◆ Directions for this task: Every line from the start of the data through the line containing "食塩、パインアメのそれぞれを" should be retyped exactly; the pictures should not.

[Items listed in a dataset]
►

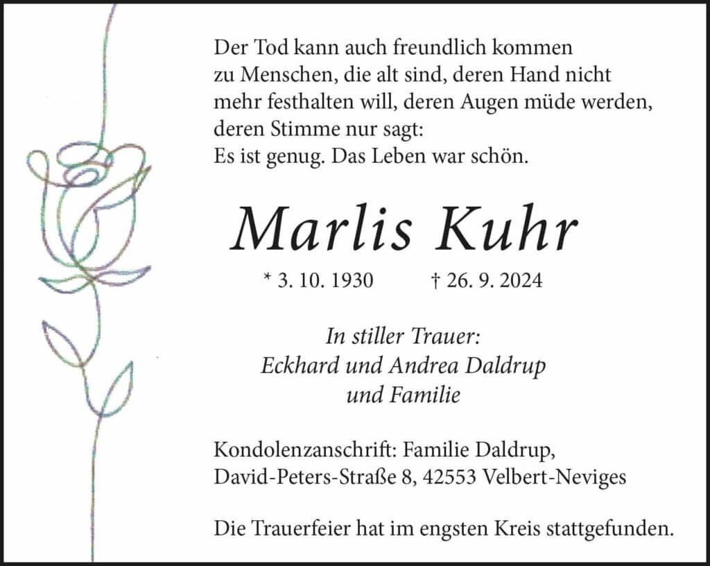Marlis Kuhr † 26. 9. 2024
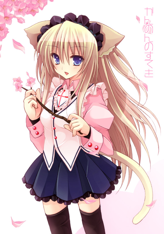 animal earsblack thighhighsblonde hairblue eyescat earscat tailcherry blossomslong hairskirtsolotailthighhighszettai ryouiki
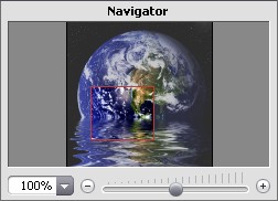 Im Navigator-Fenster kann man das Bild skalieren. Ein roter Rahmen zeigt den Bereich des Bildes, der im Bildfenster angezeigt wird. Wenn Sie den roten Rahmen über das Bild verschieben, ändert sich der sichtbare Bereich im Bildfenster. Um den roten Rahmen zu verschieben, bringen Sie den Cursor in den Rahmen hinein, drücken die linke Maus-Taste und sie gedrückt haltend, ziehen Sie den Rahmen.
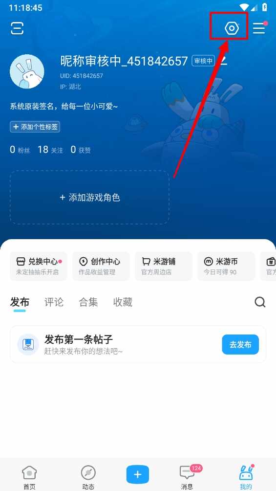3、然后琎叺我的(de)页面(mian),点击右上角设置图标。
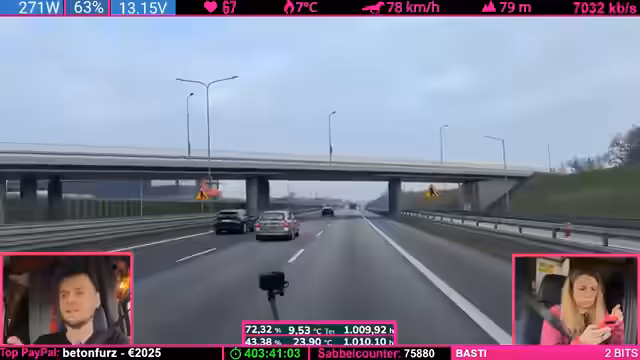 03:01:55Während der Fahrt werden die weihnachtliche Atmosphäre mit Schnee und passender Musik thematisiert, wobei der Moderator seine persönliche Beziehung zu Weihnachten erläutert. Parallel dazu wird auf die instabile Internetverbindung in Polen eingegangen, die auf mangelnden Netzausbau und geringe Bevölkerungsdichte zurückgeführt wird. Lösungsvorschläge wie Starlink werden diskutiert und verworfen, da sie bei Brückendurchfahrten nicht funktionieren würden.
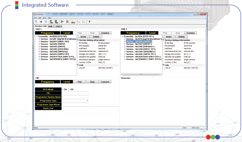 DAB Test Studio được tích hợp trong thiết bị có thể phân tích các tệp ETI, sửa đổi và truyền tải ngay lập tức.
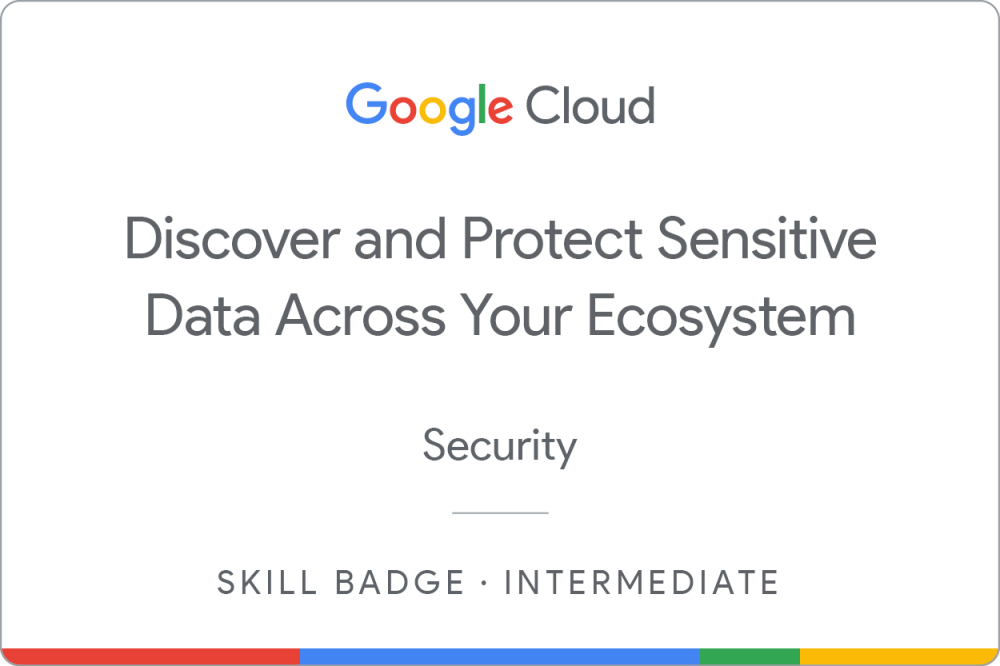 Complete the intermediate Discover and Protect Sensitive Data Across Your Ecosystem skill badge to demonstrate skills in the following: using Sensitive Data Protection services (including the Cloud Data Loss Prevention (DLP) API) to discover, inspect, redact, and de-identify sensitive data across your Google Cloud ecosystem including Cloud Storage files, BigQuery data, and Gen AI model responses.
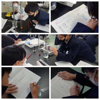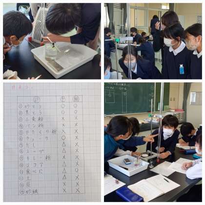 食塩、パインアメのそれぞれを水に溶かし、どのような変化が見られるのか実験しています。
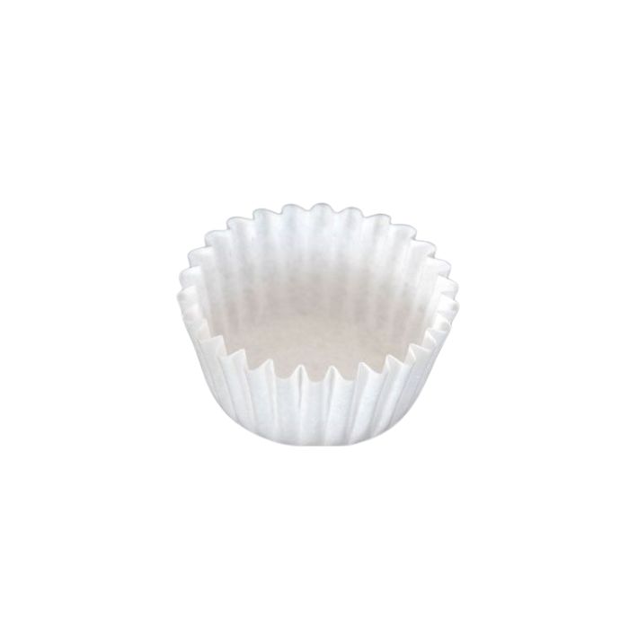 De papieren mini cupcake vorm heeft een dia van 4cm en een hoogte van 2cm. Uitgevouwen heeft het een dia van 7 cm. Verpakt per 200 stuks in de kleur wit.
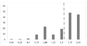 Nota: la barra punteada se ubica en el valor medio 1,559. La línea punteada corta en el promedio de la muestra. Fuente: elaboración propia.
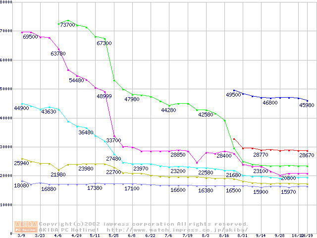 | [↑前グラフ]: | Socket 478 (micro-PGA,FSB 533MHz,L2 512KB,Northwood)の最安値推移 |
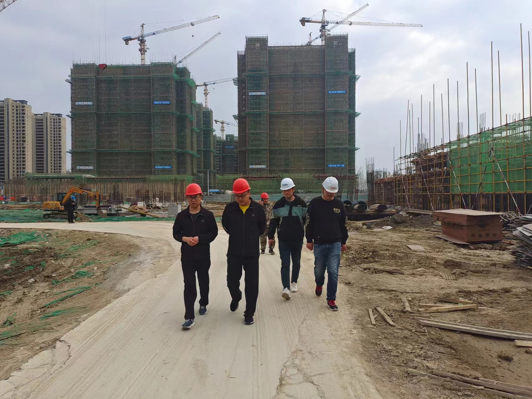 检查组先后来到科创园二期、知行学校幼高部、仁和苑、政通苑、锦绣新城、尚居雅苑等项目,重点检查了消防设施、扬尘防治、临时用电、脚手架、内支撑、临边防护、大型机械及工程过程相关资料。
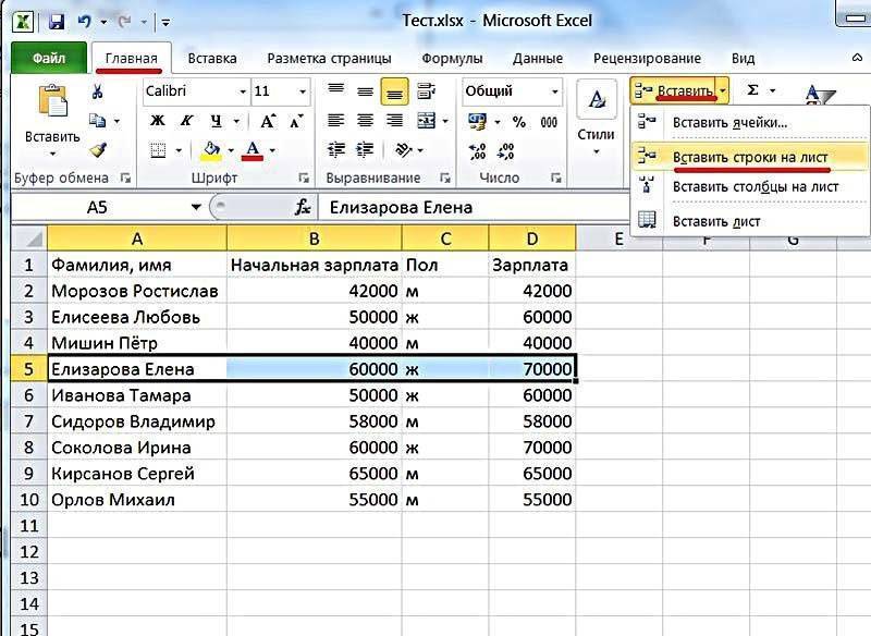 Вы также можете вставить пустую строку с помощью кнопок на панели инструментов. Для этого выберите строку, над которой вы хотите вставить новую пустую строку. Далее перейдите на вкладку «Главная», в группе «Ячейки» откройте меню кнопки «Вставить», выберите пункт «Вставить строки в лист».
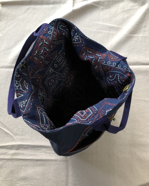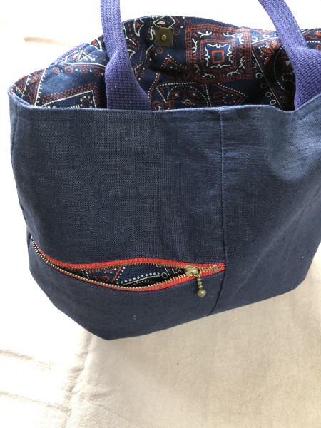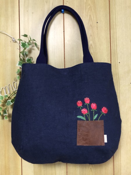 表面に千日紅の刺繍、後ろにはファスナーポケット、内袋は赤系のバンダナ柄、赤の差し色を意識してみました。
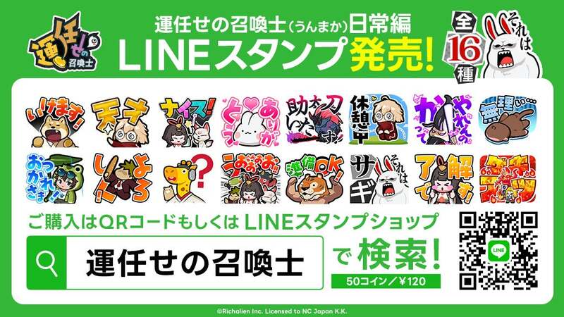 「運任せの召喚士」初のオリジナルLINEスタンプ「運任せの召喚士(うんまか) 日常編」が登場しました。
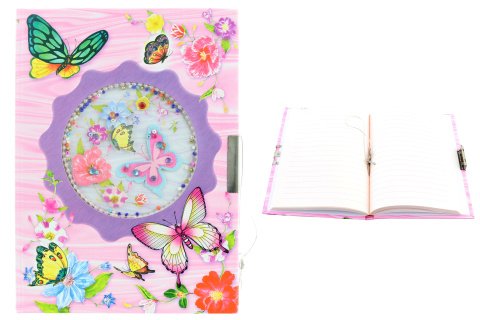 Krásný barevný deník pro holčičky s motivem motýlků. Deník je uzamykatelný a balení obsahuje 2 klíčky. Uvnitř deníku linkované listy. Baleno v sáčku. Rozměry deníku 13x18x1,5 cm. Věk 3+
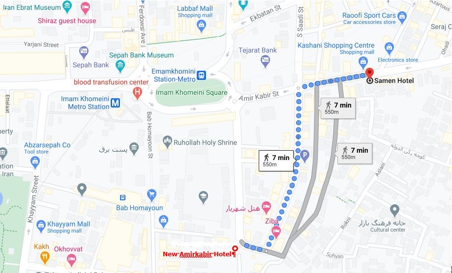 It seems the old Hotel Amir Kabir where we stayed is no longer. The map I drew allowed me to locate it pretty accurately on the south side of Amir Kabir Street, east of S Saadi Street, between Behnaz Alley and Mellat Street, and about 200m from what is now called Imam Khomeini Square, which used to be Tūpkhāneh, meaning army barracks. In fact the present day Samen Hotel must be very close to the location of the old Hotel Amir Kabir, so I have used it on maps. As the photos show, by 1983, during the Iran/Iraq war, the old hotel had seen better days. There is now a new Hotel Amirkabir about 300m south of Imam Khomeini Square on a dead-end extension of Naser Khosrow Street.
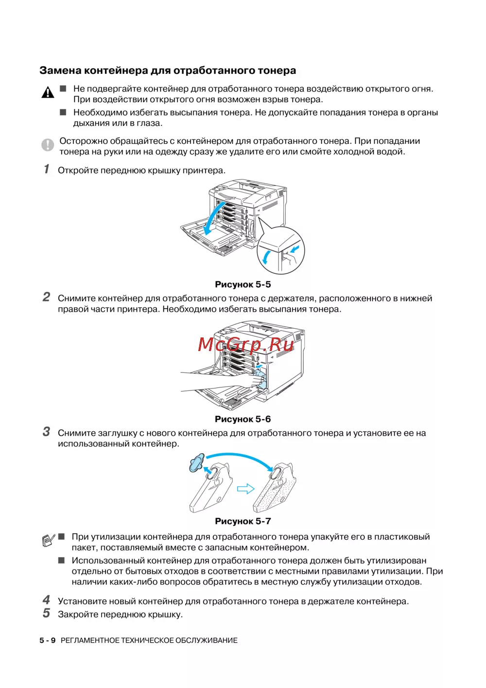Узнайте, как правильно заменить контейнер для отработанного тонера в принтере. Следуйте пошаговым инструкциям для безопасной утилизации и предотвращения загрязнений.
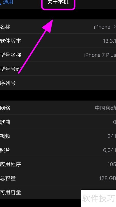 5、 打开iPhone设置,进入关于本机页面查看详细信息。
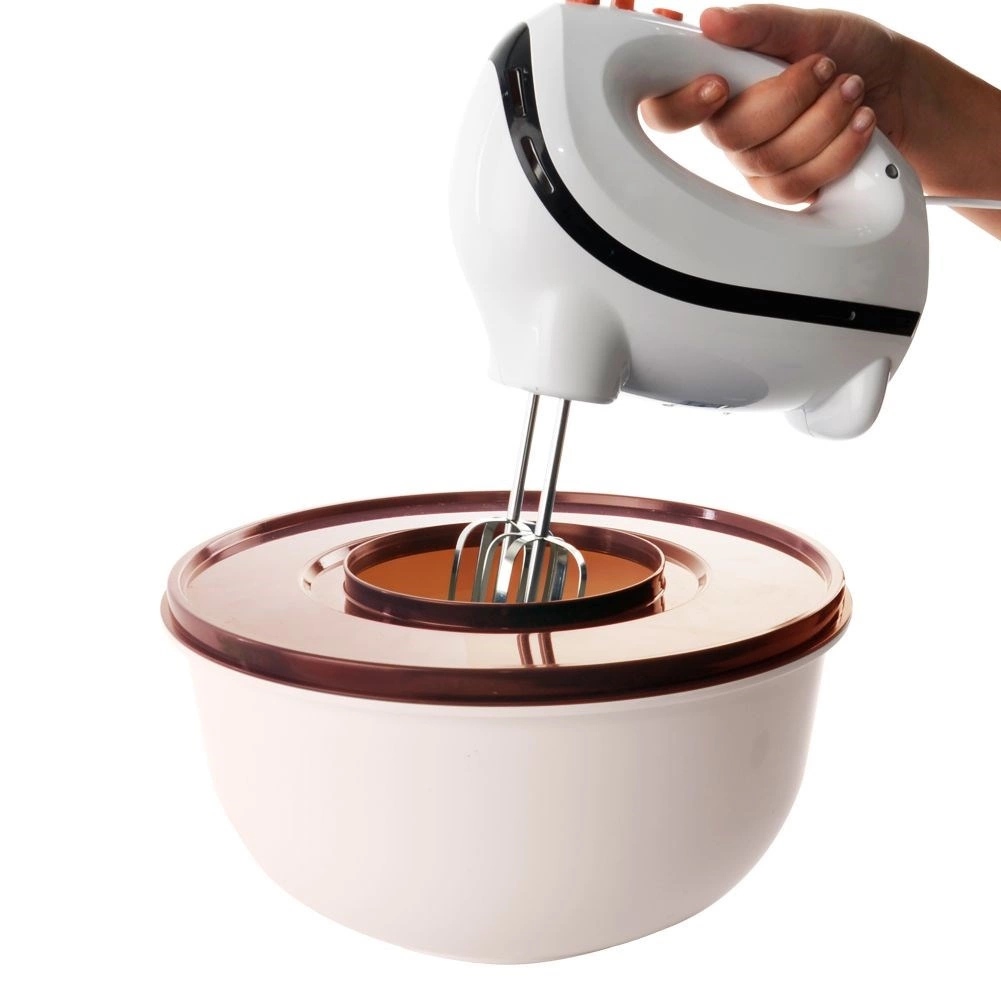 Praktična zasnova pokrova omogoča vstavitev metlic ročnega mešalnika in hkrati ohranja vsebino posode pod nadzorom – manj nereda in čistejša kuhinja.
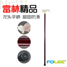 Folee/富林 红色木质拐杖 老人白脂龙手柄 实木单拐伸缩手杖手杖

◄

◆ Answer area:
Marlis Kuhr † 26. 9. 2024
 animal earsblack thighhighsblonde hairblue eyescat earscat tailcherry blossomslong hairskirtsolotailthighhighszettai ryouiki
 Im Navigator-Fenster kann man das Bild skalieren. Ein roter Rahmen zeigt den Bereich des Bildes, der im Bildfenster angezeigt wird. Wenn Sie den roten Rahmen über das Bild verschieben, ändert sich der sichtbare Bereich im Bildfenster. Um den roten Rahmen zu verschieben, bringen Sie den Cursor in den Rahmen hinein, drücken die linke Maus-Taste und sie gedrückt haltend, ziehen Sie den Rahmen.
3、然后琎叺我的(de)页面(mian),点击右上角设置图标。
 03:01:55Während der Fahrt werden die weihnachtliche Atmosphäre mit Schnee und passender Musik thematisiert, wobei der Moderator seine persönliche Beziehung zu Weihnachten erläutert. Parallel dazu wird auf die instabile Internetverbindung in Polen eingegangen, die auf mangelnden Netzausbau und geringe Bevölkerungsdichte zurückgeführt wird. Lösungsvorschläge wie Starlink werden diskutiert und verworfen, da sie bei Brückendurchfahrten nicht funktionieren würden.
 DAB Test Studio được tích hợp trong thiết bị có thể phân tích các tệp ETI, sửa đổi và truyền tải ngay lập tức.
 Complete the intermediate Discover and Protect Sensitive Data Across Your Ecosystem skill badge to demonstrate skills in the following: using Sensitive Data Protection services (including the Cloud Data Loss Prevention (DLP) API) to discover, inspect, redact, and de-identify sensitive data across your Google Cloud ecosystem including Cloud Storage files, BigQuery data, and Gen AI model responses.
 食塩、パインアメのそれぞれを水に溶かし、どのような変化が見られるのか実験しています。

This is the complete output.